Seeds: Musically, your songs are simple and uncluttered, with few bells and whistles or extended instrumentals. Do you worry at all about striking the balance between having something that’s direct and engaging and not having it be boring or generic?
Rausch: Sometimes. Especially trying to evolve as we finish writing this next record. I like the immediacy of pop. There’s a lot of indie music where you can tell they’re gear heads or spent hours in their bedroom dialing in a guitar tone. I love listening to those records, but our focus has always been on melody and harmony inside a tight arrangement. Hopefully a song doesn’t over-deliver. Punk has a similar economy I think, but we don’t wear leather.
Seeds: A ‘60s influence seems apparent in your music. What is it about music of that era that you think attracts you or that you find inspiring?
Rausch: It’s hard to say why. Kyle and I were raised on it. Both of my parents were huge Beatles fans, and I think it’s just in our DNA. We also grew up listening to Oldies 95 in the car, a radio station in KC that, at the time, that played doo-wop though some of the acid ’60s. It was safe radio in a pretty conservative home life.
Seeds: How do songs come together for you guys? Is it a group effort or mostly the product of one person?
Rausch: I think the guys will wait for me to come up with the basic melody and arrangement for a song, but beyond that it’s a group effort for sure.
Seeds: Any plans for a new album? It’s been more than a couple years since your self-titled. Anything in the works right now? I couldn’t find anything about it on your Facebook page.
Rausch: Yeah, about that… it stresses me out. Like I mentioned earlier, there is an expectation now that wasn’t there when we did the first one. It’s intimidating, in a way. Not because I want or expect it to elevate our status as a group. I just want my friends and KC to really like it. We have most of the record written now, and have demoed out like half of that just to hear how they’re coming together. Since the first record came out I also fell for a girl and got engaged, so priorities change, you know?
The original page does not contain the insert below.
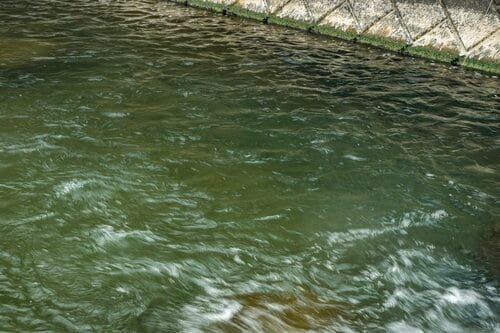ここにはかなり魚のストックがあるようで、流し方やフライを替えると反応があります。とはいえ、徐々に反応が鈍くなり、そろそろ諦めた方がいいような気がしてきました。最後に対岸のコンクリート護岸スレスレにラインを伸ばし、間の流れをかわすようにメンディング、しっかりと水流に馴染ませつつリトリーブ、フライを引っ張ってくると大きな魚影が鈍い光を放ちながら水中で身を翻しました。あきらかに大物です!

Seeds: What have you guys been listening to recently?
Rausch: Really got hit hard by Weyes Blood’s newest single “Do You Need My Love” in the van the other day. The new Mild High Club record’s pretty special too.
Seeds: What’s the farthest you could throw a baseball?
Rausch: I don’t throw anything in public where people can see me.
Shy Boys are playing Lincoln Calling Friday, October 7, at the Zoo Bar.